=== TASK STATEMENT ===
A word-for-word copy of the following listing is needed. Leave out its images.

[[ THE DATA open ]]

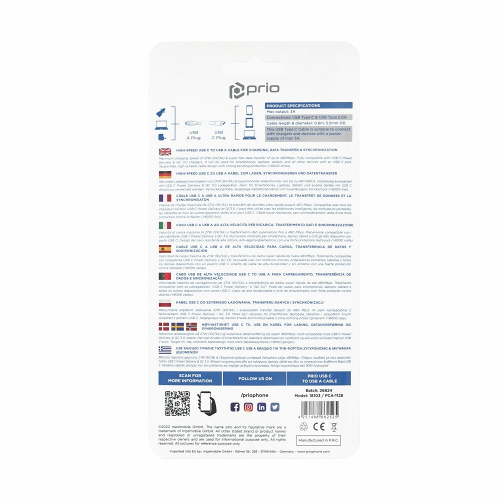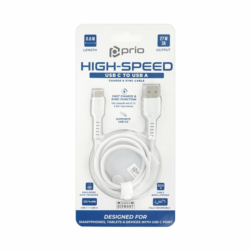 Prio High-Speed Charge & Sync USB C auf USB A Kabel 3A 0,6m weiß
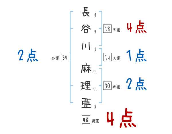 天運![]() | 長谷川麻理亜さんの天運は18画の4つ星!情熱的で剛気。忍耐力があり信頼される。 家系が持つ宿命的な運勢を表します。祖先から受け継いだ苗字ですので自分の力が及びません。家柄を象徴します。 |
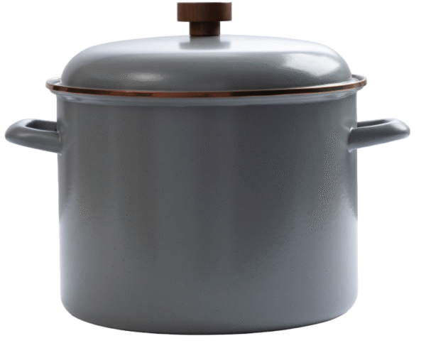 De Barebones geëmailleerde voorraadpot is geschikt voor het koken van soep, pasta, etc. en maakt je keukenservies compleet.
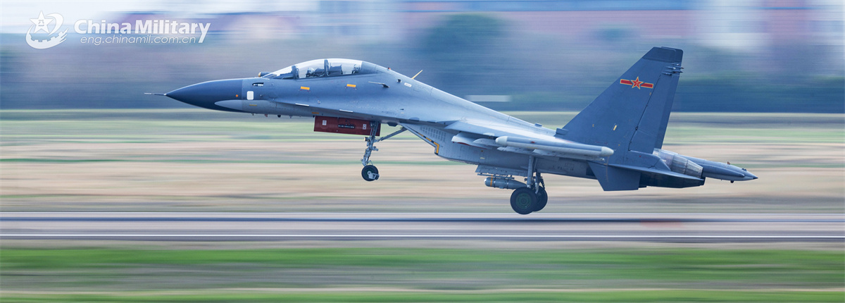 A Su-30 fighter jet attached to an aviation brigade of the Chinese PLA Air Force takes off in speed during a flight training exercise on March 26, 2025. (eng.chinamil.com.cn/Huang Guotai)

[[ THE DATA closed ]]

=== SOLUTION ===
 Prio High-Speed Charge & Sync USB C auf USB A Kabel 3A 0,6m weiß
 天運![]() | 長谷川麻理亜さんの天運は18画の4つ星!情熱的で剛気。忍耐力があり信頼される。 家系が持つ宿命的な運勢を表します。祖先から受け継いだ苗字ですので自分の力が及びません。家柄を象徴します。 |
 De Barebones geëmailleerde voorraadpot is geschikt voor het koken van soep, pasta, etc. en maakt je keukenservies compleet.
 A Su-30 fighter jet attached to an aviation brigade of the Chinese PLA Air Force takes off in speed during a flight training exercise on March 26, 2025. (eng.chinamil.com.cn/Huang Guotai)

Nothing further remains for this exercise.